Moreover, with the lockdown restrictions easing, the Muslim community can now celebrate Eid together (albeit carefully), allowing for families and friends to rejoice after a very long break!
The experience in Australia isn’t enormously different from other Muslim countries, such as Pakistan, Indonesia, Turkey, Egypt, and the Arab cities in the Middle-East and Saudi Arabia such as Dubai, Jordan, Syria, Mecca and Medina. It is a time of worship and devotion, whilst bringing hearts together.
A month of rewards – and at Crescent Wealth too!
More than anything, Ramadan is understood by Muslims to be a month of immense reward.
The reward for fasting itself is mentioned in many sayings of the Prophet Muhammad, including a very famous one as follows: “Every action of the son of Adam is given manifold reward, each good deed receiving ten times its like, up to seven hundred times. God, the Most High said: ‘Except for fasting, for it is for Me and I will give recompense for it, he leaves off his desires and his food for Me.’ For the fasting person, there are two times of joy; a time when he breaks his fast and a time of joy when he meets his Lord, and the smell coming from the mouth of the fasting person is better with Allah than the smell of musk” (Bukhari).
It is the month of Muslims being rewarded by God and rewarding others through – employees, community, others whom they are pleased with.
In a similar vein this year, we at Crescent Wealth are launching our Crescent Rewards product, offering our members a big thank you for their loyalty over the years and to our community large. To new members, we look forward to welcoming you through this spirit of rewards and generosity through the launch of our Crescent Rewards program!
A month of generosity
Muslims believe that one of the names of God is Al-Kareem, which means The Most Generous. Muslims believe that everything comes from God and returns to Him. Therefore everything we own is just a loan, something we promise to preserve, protect and share. Generosity is a desire and readiness to give.
Generosity in manifested in Islam in even one of its five fundamentals, through Zakat. This is a mandatory act of giving (which many Muslims offer during Ramadan itself) and of the key responsibilities of each adult able Muslim. The word Zakat is translated as “purification” of wealth. This donation is said to redeem and purify the wealth and well-being of a Muslim.
Further, Muslims try to extend their generosity through voluntary donations called sadaqah. This is charity given purely out of a desire to please God and help others. The linguistic meaning of the word sadaqah is honesty, or as defined by some the honesty of the heart towards the Almighty. Everything that is given gladly and intended to satisfy God is called sadaqah: from money to a smile!
A month of purification
In bringing many of these themes together, Ramadan at its highest may be described as a month of purification: of one’s self, one’s relationships, one’s inner thoughts and feelings.
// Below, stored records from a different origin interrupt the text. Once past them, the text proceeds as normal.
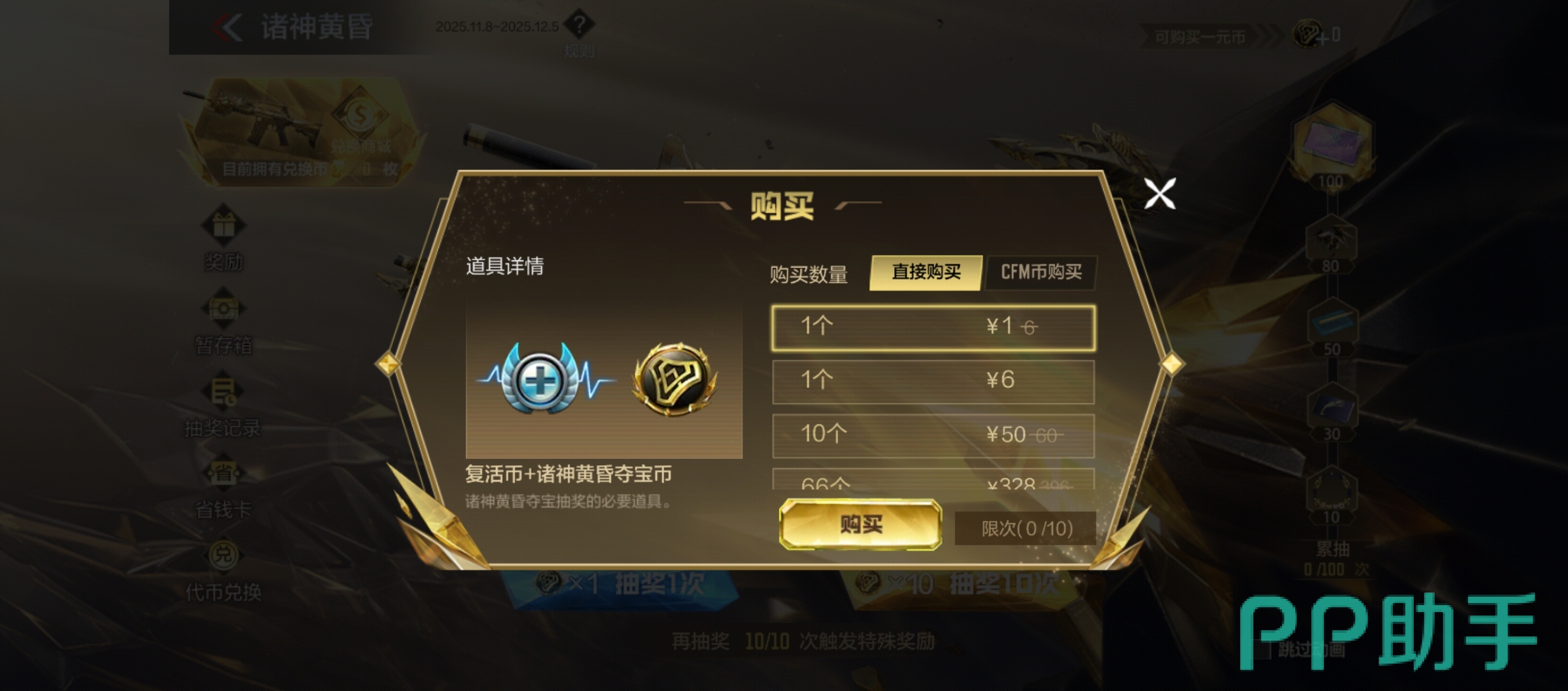 CF手游中的诸神黄昏夺宝活动是以概率抽取形式进行的限时玩法,玩家需消耗特定代币参与抽奖。单次抽奖费用为6元,十连抽则需50元,部分渠道会推出1元购代币的限时优惠。值得注意的是,代币不仅可通过充值获取,还能通过完成游戏内指定任务免费获得。例如,在CFM币商城中参与20连抽福利活动,就有机会以较低成本积累足够代币,从而减少直接充值的需求。
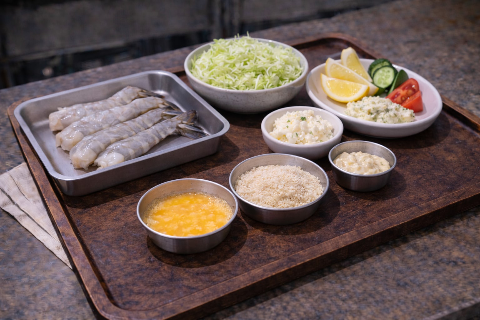 皿の上には、黄金色のエビフライが並ぶ。
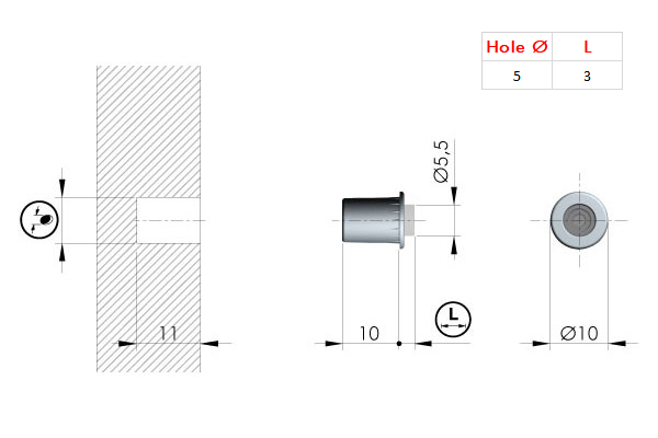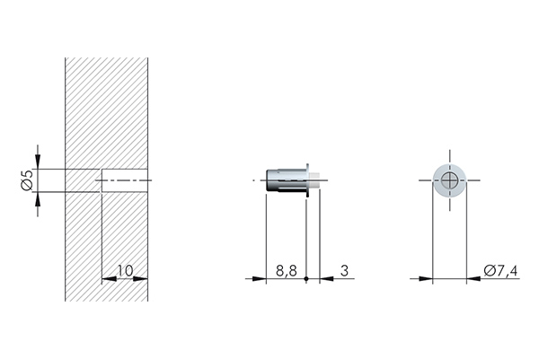 Amortisseur a visser avec couche de silicone pour une absorption de qualité. Pour trou de 5 mm, fraisage de 11 mm. Dimensions extérieures 10 mm, dépassement de 3 mm.
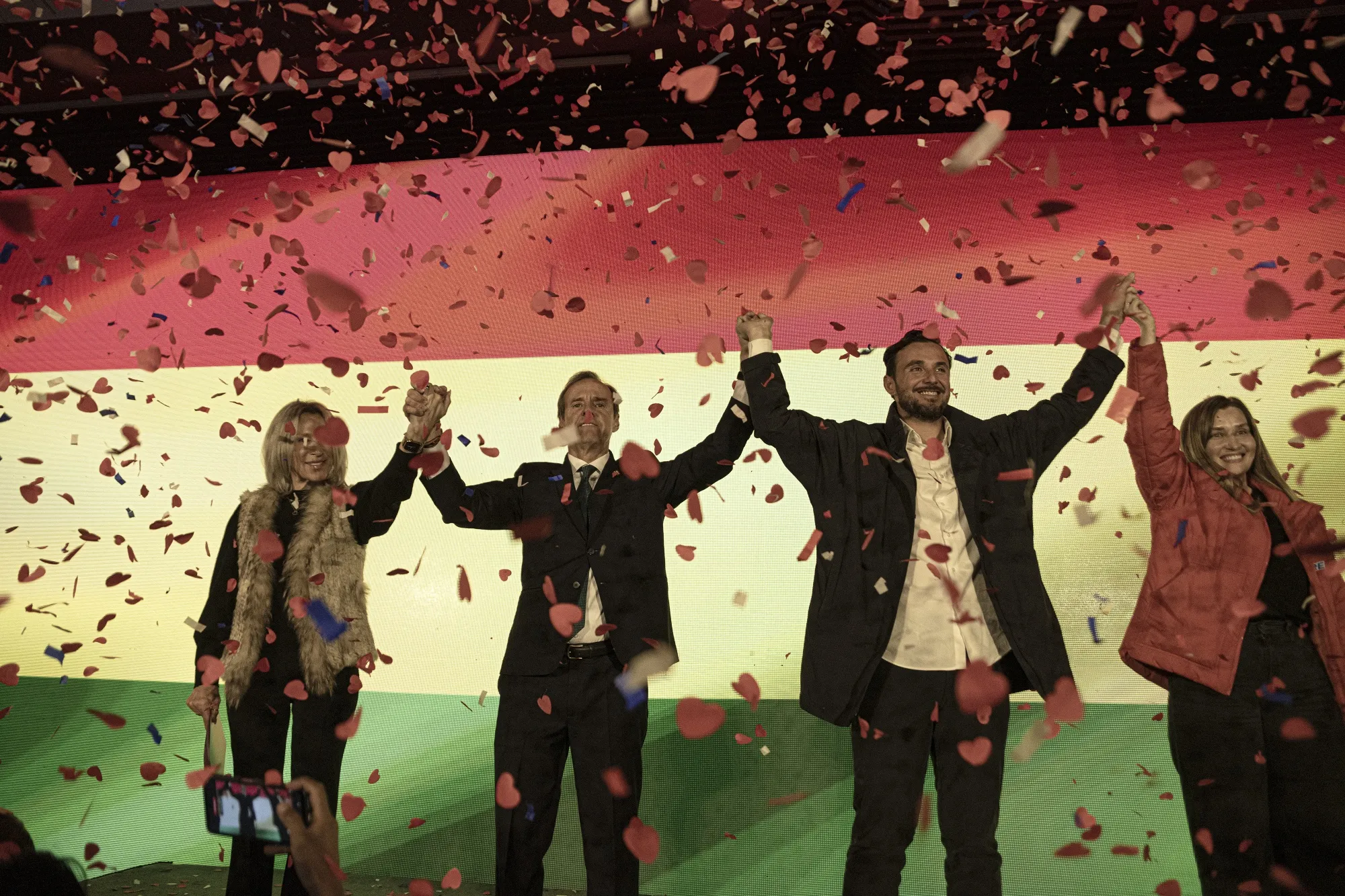 自由聯盟黨總統候選人豪爾赫·圖託·基羅加(左二)於2025年8月17日星期日在玻利維亞拉巴斯總統選舉後的選舉之夜集會上。攝影師:馬塞洛·佩雷斯·德爾·卡皮奧/彭博社### 午間市場

And also one’s wealth, through the giving of its mandatory component for the pleasure of God.
It is in a similar vein that many Muslims also become more conscious of the legality and religious ethics of their wealth during this month. Many Muslims, realising the importance of “pure” wealth and earnings, begin to eschew non-Islamic sources of income and earnings, including through their jobs, investments, etc.
In this month, Crescent Wealth is proud to work with our community to offer one such form of wealth purification, through a Halal investment option that is built on Islamic investment principles. Our super fund offers Muslims a choice for their super that is in line with their morals and values.
We offer our readers and community a warm “Ramadan Kareem” (blessed Ramadan) and hope they have a fantastic month of reflection and celebration!